Deep Learning Weekly Issue #126

AI assistant preferences, Pinterest's Lens, a SimCity-based gym, on-device training with Core ML 3, and more...

Hey folks,

This week in deep learning we bring you a study on AI assistant preferences from Apple, a new real-time strategy gym from Facebook, a request for comments on AI patents from the USPTO, and a new conditional transformer architecture from Salesforce.

You may also enjoy a guide to on-device training with Core ML 3, an interview with François Chollet, a SimCity-based AI gym, and new research from Google using BERT to understand videos.

As always, happy reading and hacking. If you have something you think should be in next week's issue, find us on Twitter: @dl_weekly.

Until next week!

Industry

Apple study suggests chattier users prefer chattier AI assistants [VentureBeat]

It turns out that people love talking to themselves.

Keras 2.3.0 released

The final major release of Keras brings support for a TF 2.0 backend. Maintainers now recommend users switch to tf.keras for future work.

Pinterest’s Lens can now recognize 2.5 billion home and fashion objects [VentureBeat]

Visual search at a massive scale.

Coming Soon to a Battlefield: Robots That Can Kill [The Atlantic]

Tomorrow’s wars will be faster, more high-tech, and less human than ever before.

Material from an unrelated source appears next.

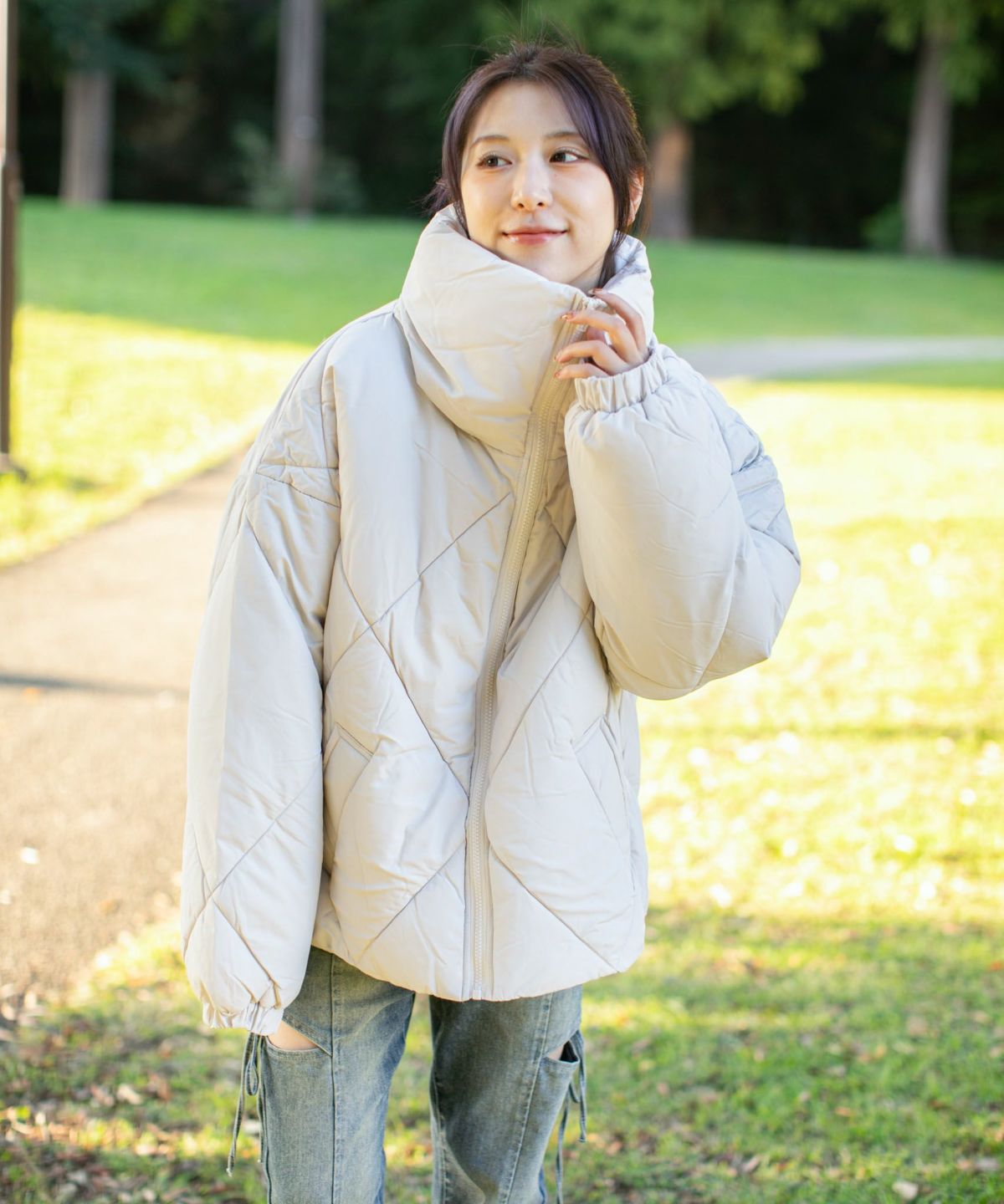 他の画像を見る 《ダイヤキルト×ビッグカラー》レディース 中綿ブルゾン 裾ドローコード付き 冬アウター NEW 2BUY10%OFF 定価 ¥ 8,789 のところ SALE価格 ¥ 4,394 税込 カートに入れる お気に入りに登録する

Welcome to a new era of machine-driven warfare.

Request for Comments on Patenting Artificial Intelligence Inventions

The US Patent office is seeking comments on what to do about increasing numbers of AI patents.

[Facebook] Teaching AI to plan using language in a new open-source strategy game

Facebook open sources a real-time strategy AI gym.

Learning

On-device training with Core ML – part 3

The third installment of a deep dive into on-device model training with Apple’s most recent release of Core ML.

Research Guide for Video Frame Interpolation with Deep Learning

Nearly everything you need to know in 2019.

Learning Cross-Modal Temporal Representations from Unlabeled Videos

Google creates VideoBERT, using transformers to learn representations for videos.

The world’s most freakishly realistic text-generating A.I. just got gamified

GPT-2 is used to generate a unique, text-based game each time a user plays.

[Video] François Chollet: Keras, Deep Learning, and the Progress of AI | Artificial Intelligence Podcast

François Chollet, original creator of Keras, sits down with Lex Fridman.

[Video] How Backpropagation Works

A short explainer video on backpropagation.

Datasets

Google: Coached Conversational Preference Elicitation

Google announces a new dataset of conversations where an assistant elicits movie preferences from a user.

Libraries & Code

[GitHub] p-christ/Deep-Reinforcement-Learning-Algorithms-with-PyTorch

PyTorch implementations of deep reinforcement learning algorithms and environments.

[GitHub] smearle/gym-city

An interface with micropolis for city-building agents, packaged as an OpenAI gym environment.

Papers & Publications

Cross View Fusion for 3D Human Pose Estimation

Abstract: We present an approach to recover absolute 3D human poses from multi-view images by incorporating multi-view geometric priors in our model. It consists of two separate steps: (1) estimating the 2D poses in multi-view images and (2) recovering the 3D poses from the multi-view 2D poses. First, we introduce a cross-view fusion scheme into CNN to jointly estimate 2D poses for multiple views. Consequently, the 2D pose estimation for each view already benefits from other views. Second, we present a recursive Pictorial Structure Model to recover the 3D pose from the multi-view 2D poses. It gradually improves the accuracy of 3D pose with affordable computational cost….

CTRL: A Conditional Transformer Language Model for Controllable Generation

Abstract: Large-scale language models show promising text generation capabilities, but users cannot easily control particular aspects of the generated text. We release CTRL, a 1.6 billion-parameter conditional transformer language model, trained to condition on control codes that govern style, content, and task-specific behavior. Control codes were derived from structure that naturally co-occurs with raw text, preserving the advantages of unsupervised learning while providing more explicit control over text generation. These codes also allow CTRL to predict which parts of the training data are most likely given a sequence. This provides a potential method for analyzing large amounts of data via model-based source attribution. We have released multiple full-sized, pretrained versions of CTRL at github.com/salesforce/ctrl.